◆ Task:
Going through the material below, output exactly the lines from the one containing "16 x 1 Gb/s" through the one containing "Tillsätter hälften av", and no pictures.

◆ Available data:
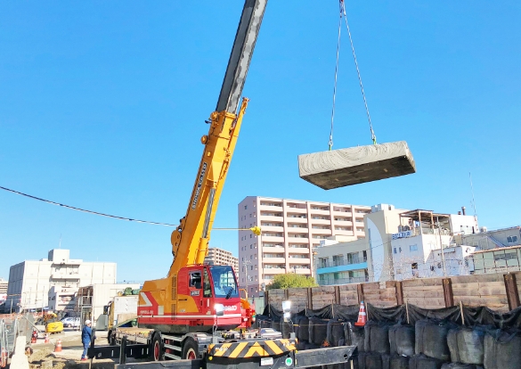 工期短縮と騒音を防ぐため、両サイドにあった古い擁壁はワイヤーソーとウォールソーにて切断し、吊り上げて撤去。
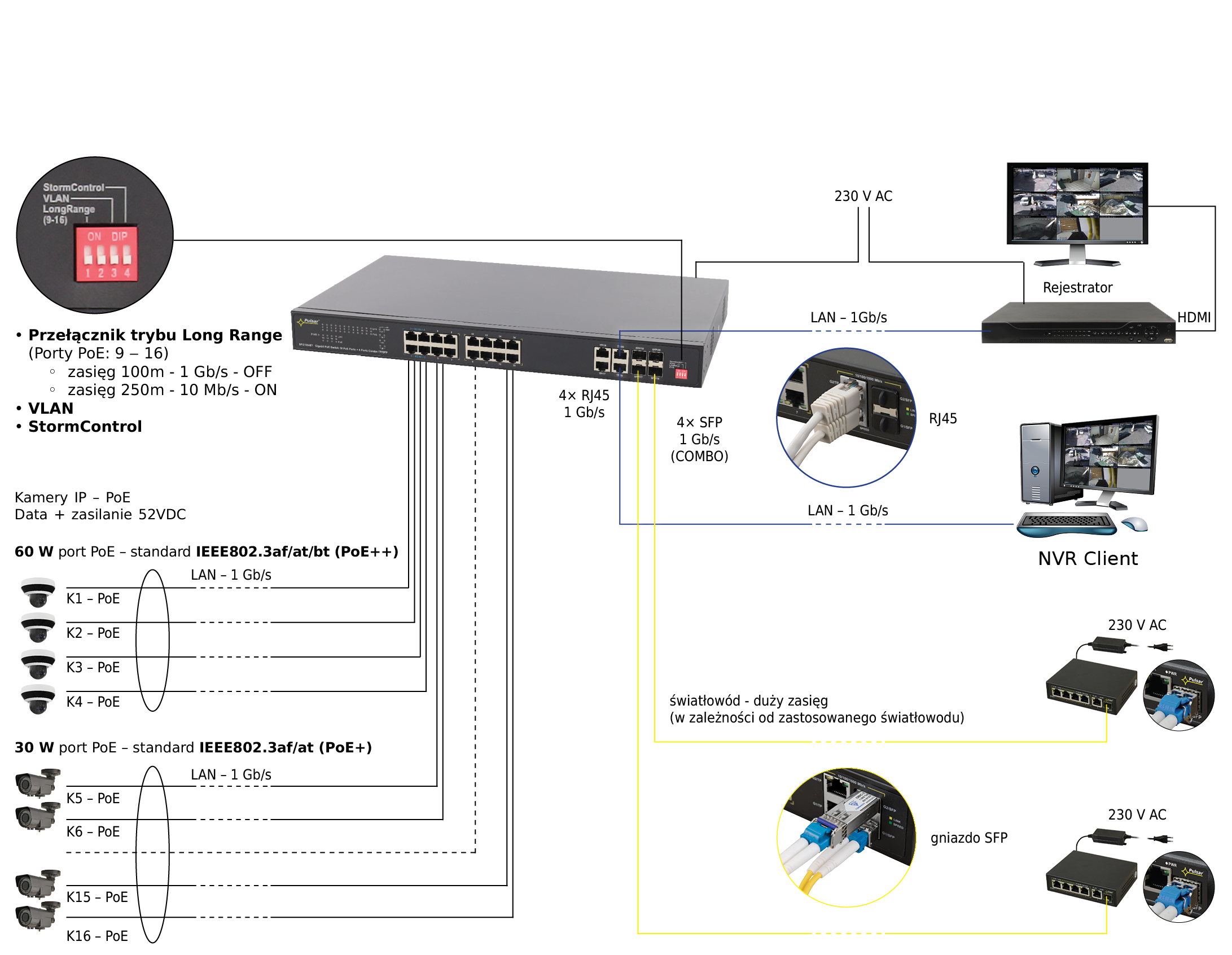 16 x 1 Gb/s - IEEE 802.3af/at, IEEE 802.3af/at/bt, PoE+, PoE++ 52V DC, 30W/port, 60W/port, 160W/wszystkie porty Tryb Long Range: OFF – 100m/1Gb/s lub ON – 250m/10Mb/s (porty 9÷16) VLAN Storm control |
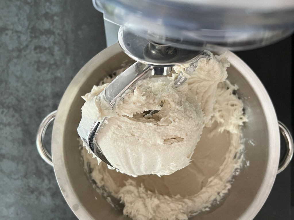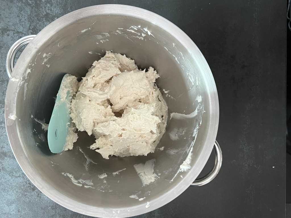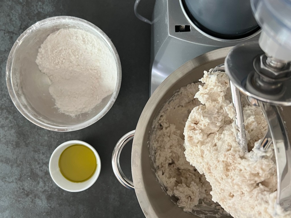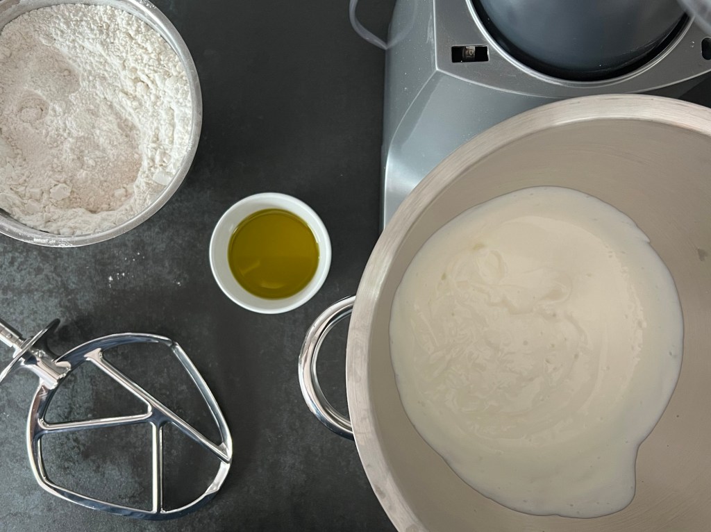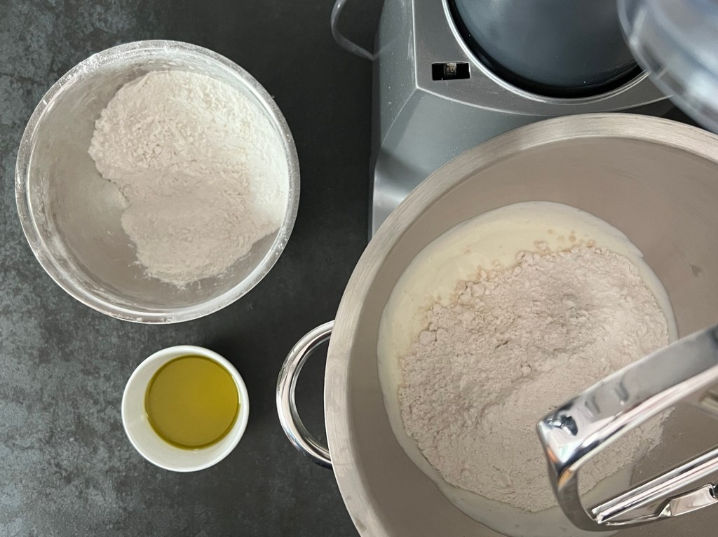 Tillsätter hälften av mixen i yoghurten och blandar samman. Sen tillsätter jag resten av mjölet och olivoljan och blandar på medelfart i ca 4min.
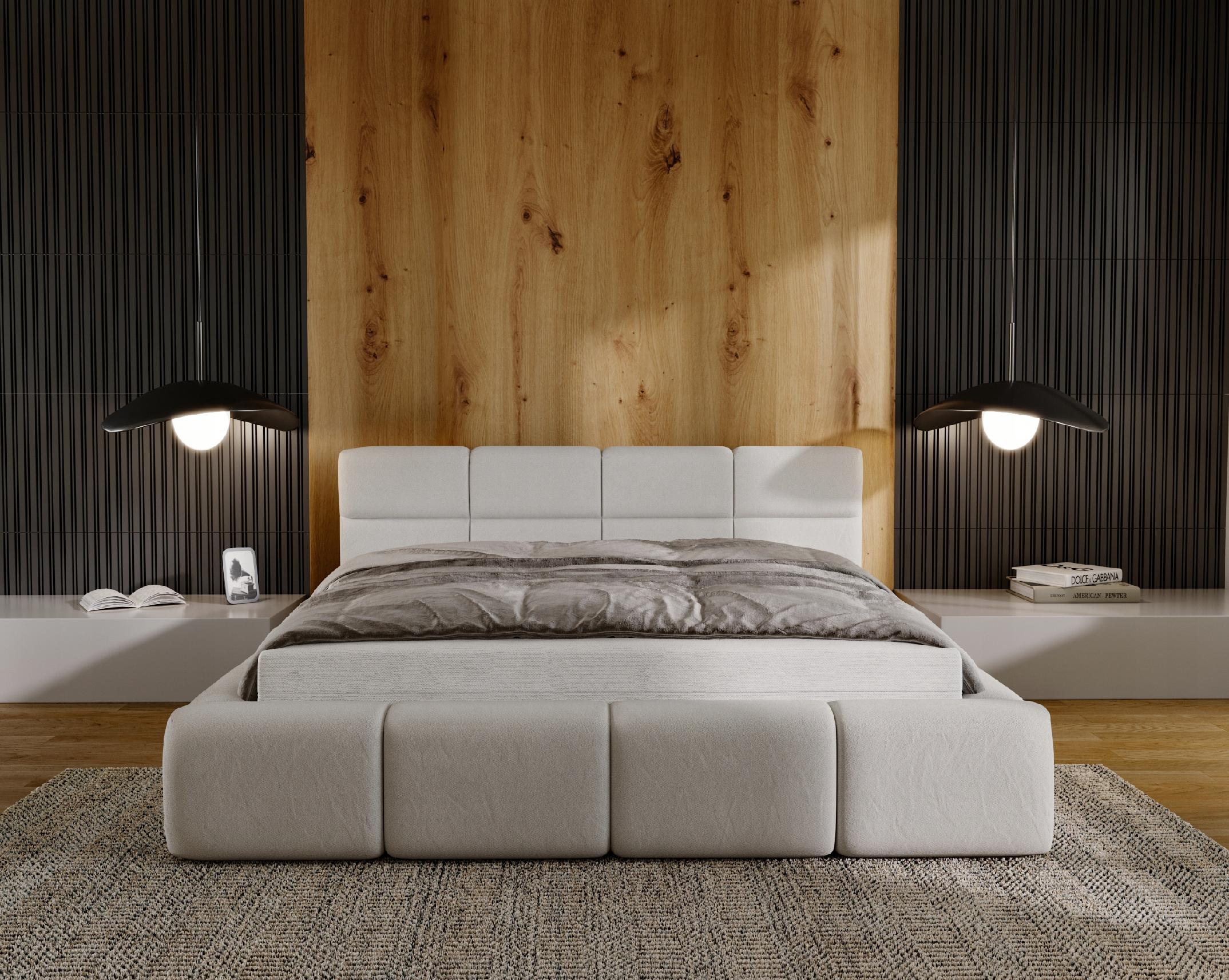 Elegancki design łóżka do sypialni Carlo jest podkreślony przez liczne przeszycia, które nadają mu nowoczesny i luksusowy wygląd. Przeszyte elementy są nie tylko ozdobą, ale także podkreślają solidność wykonania i trwałość mebla. Do produkcji zastosowano grubą piankę, która nadaje nie tylko wyjątkową wygodę, ale również piękne kształty. Pianka ta jest miękka i elastyczna, co sprawia, że spanie na tym łóżku to czysta przyjemność. Dodatkowym autem są szeroki boczki łóżka boczki na które można położyć wiele różnych rzeczy np. książkę czy telefon.
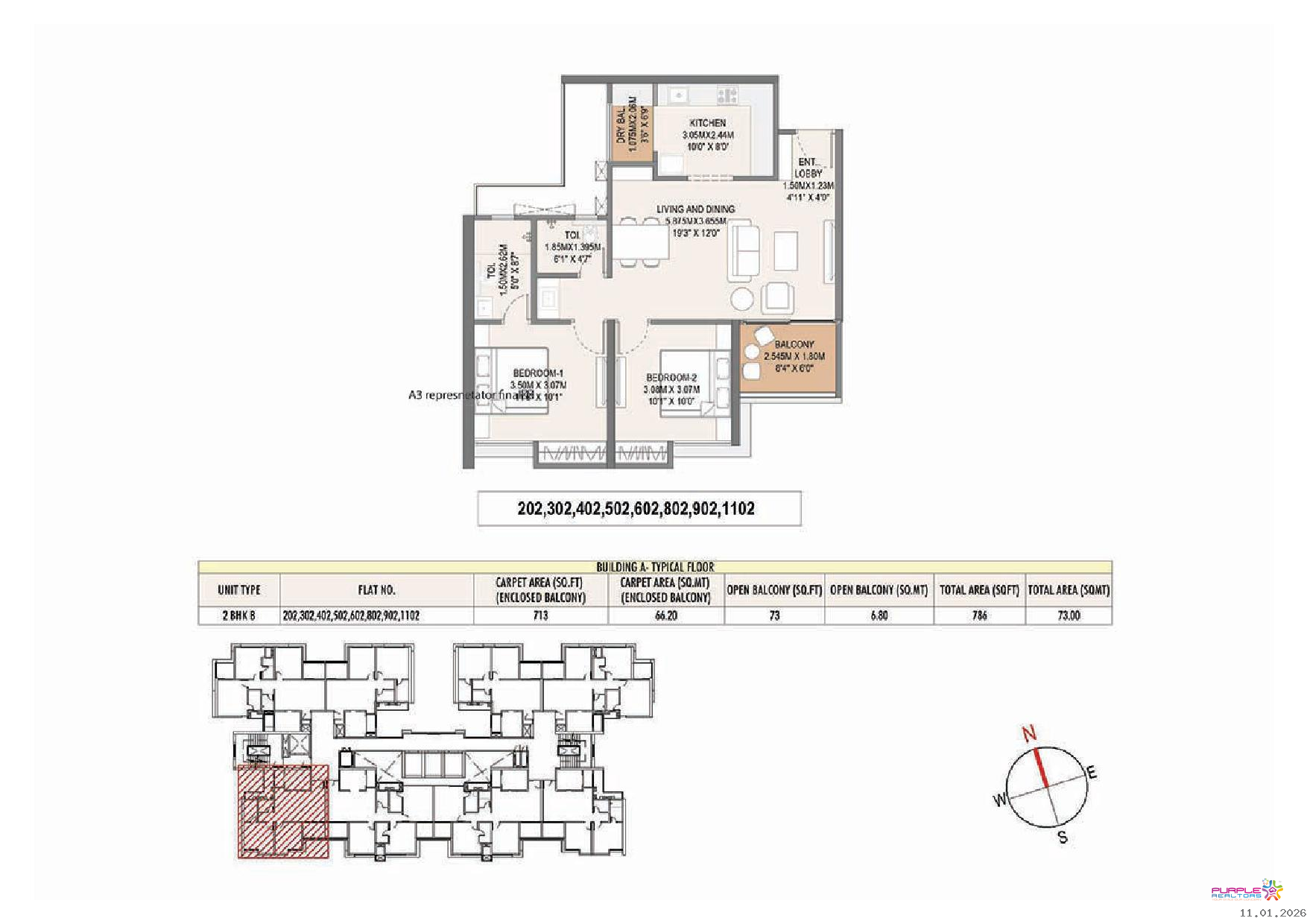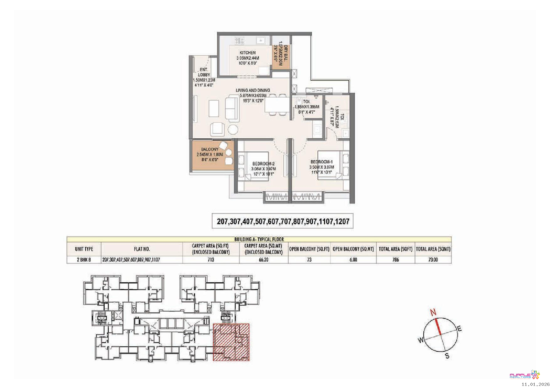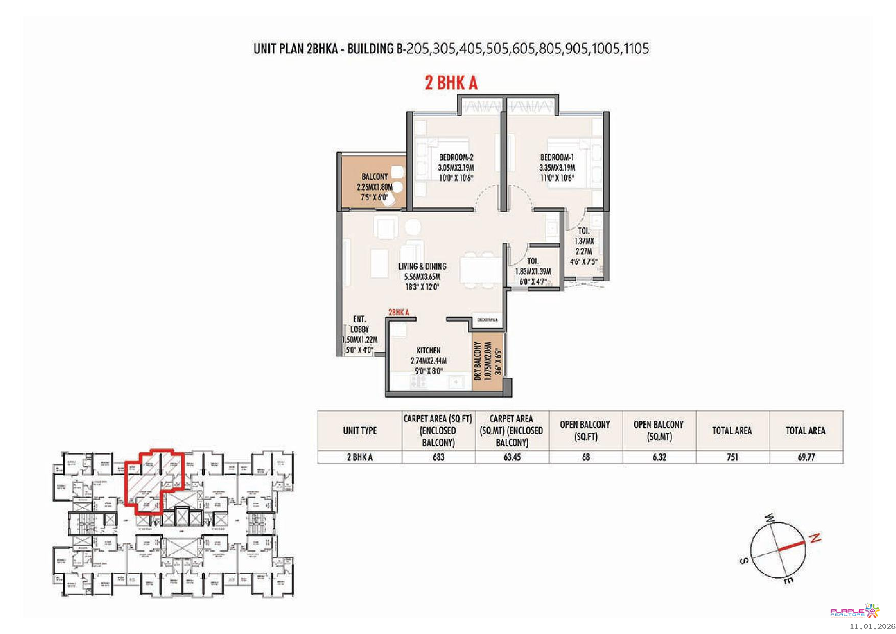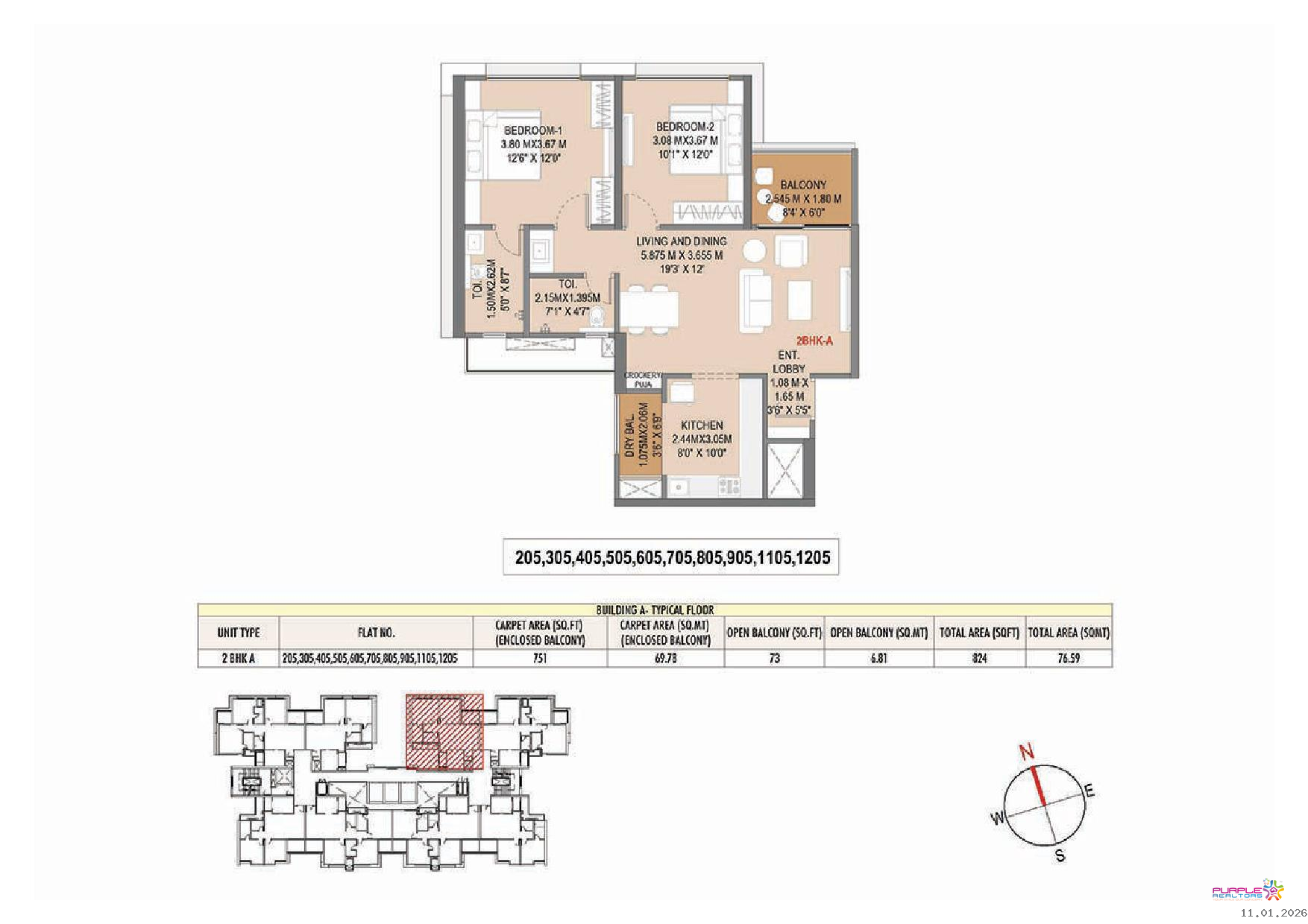 2 BHK - Carpet 751 to 824 sqft - 98 Lac Onwards
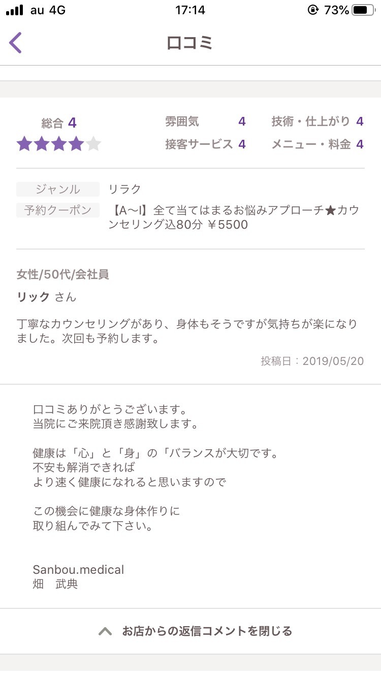 リック様50代 女性丁寧なカウンセリングで体も気持も楽になりました
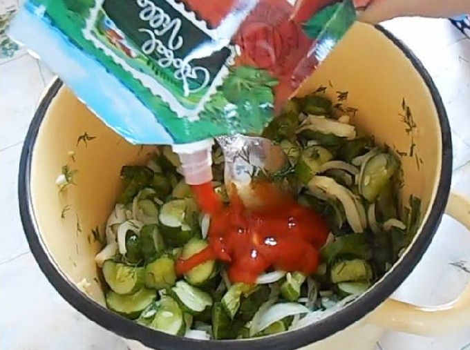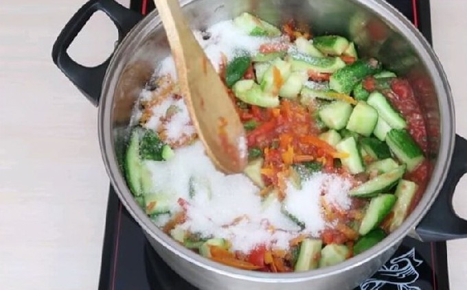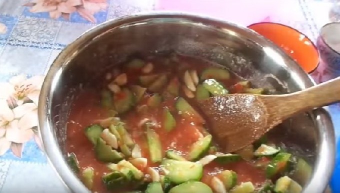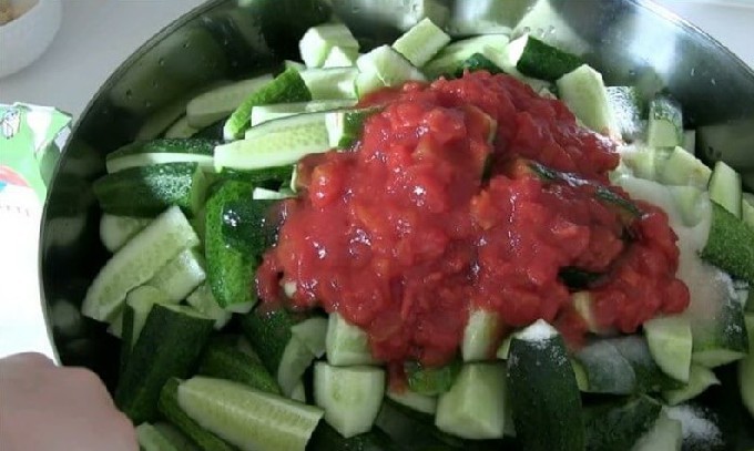 - Doe de gesneden komkommers in een bak met tomatenpuree en doe de gebakken paprika en wortel erin. Voeg aan dit mengsel de hoeveelheid zout (bij voorkeur steen), suiker zoals aangegeven in het recept toe en schenk er een half glas olie bij.
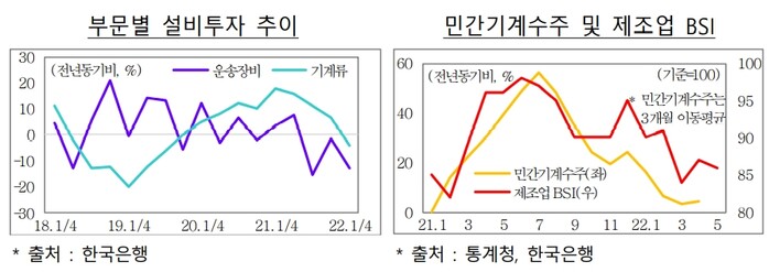 | ▲ 부문별 설비투자 추이(왼쪽)와 민간기계수주 및 제조업 기업경기실사지수(BSI). [기획재정부 제공] |
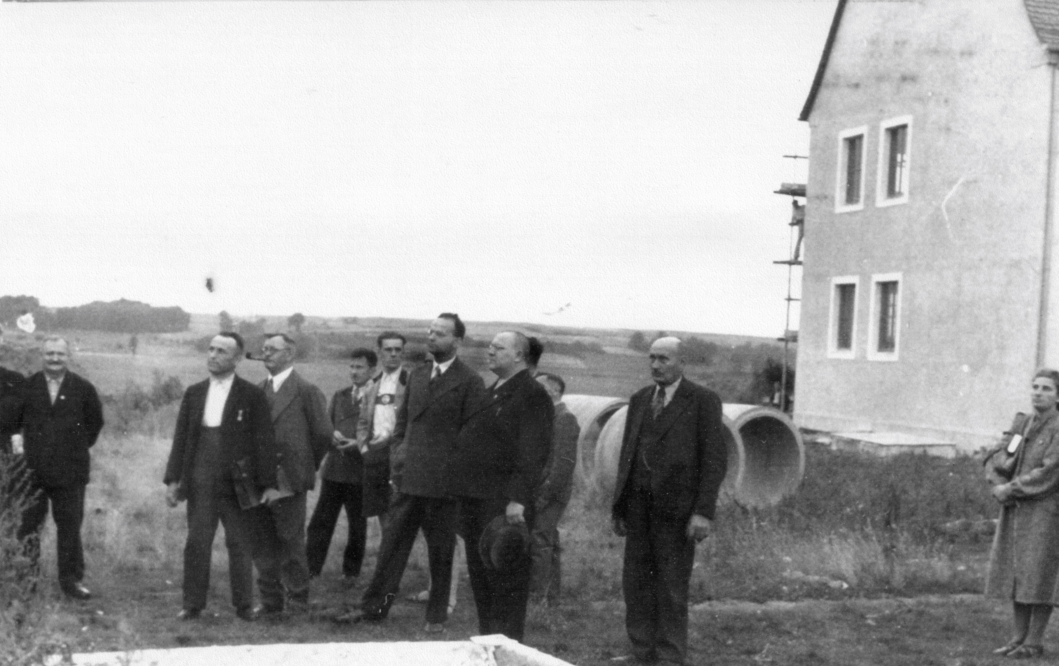 | Beschreibung | Zuschauer beim Richtfest des neuen Kindergarten der heutigen Karl-Hauptmannl-Straße 7 am im Bau befindlichen Gemeinschaftsschule Stadeln am 18. August 1939 | ||

◆ Answer section:
 16 x 1 Gb/s - IEEE 802.3af/at, IEEE 802.3af/at/bt, PoE+, PoE++ 52V DC, 30W/port, 60W/port, 160W/wszystkie porty Tryb Long Range: OFF – 100m/1Gb/s lub ON – 250m/10Mb/s (porty 9÷16) VLAN Storm control |
 Tillsätter hälften av mixen i yoghurten och blandar samman. Sen tillsätter jag resten av mjölet och olivoljan och blandar på medelfart i ca 4min.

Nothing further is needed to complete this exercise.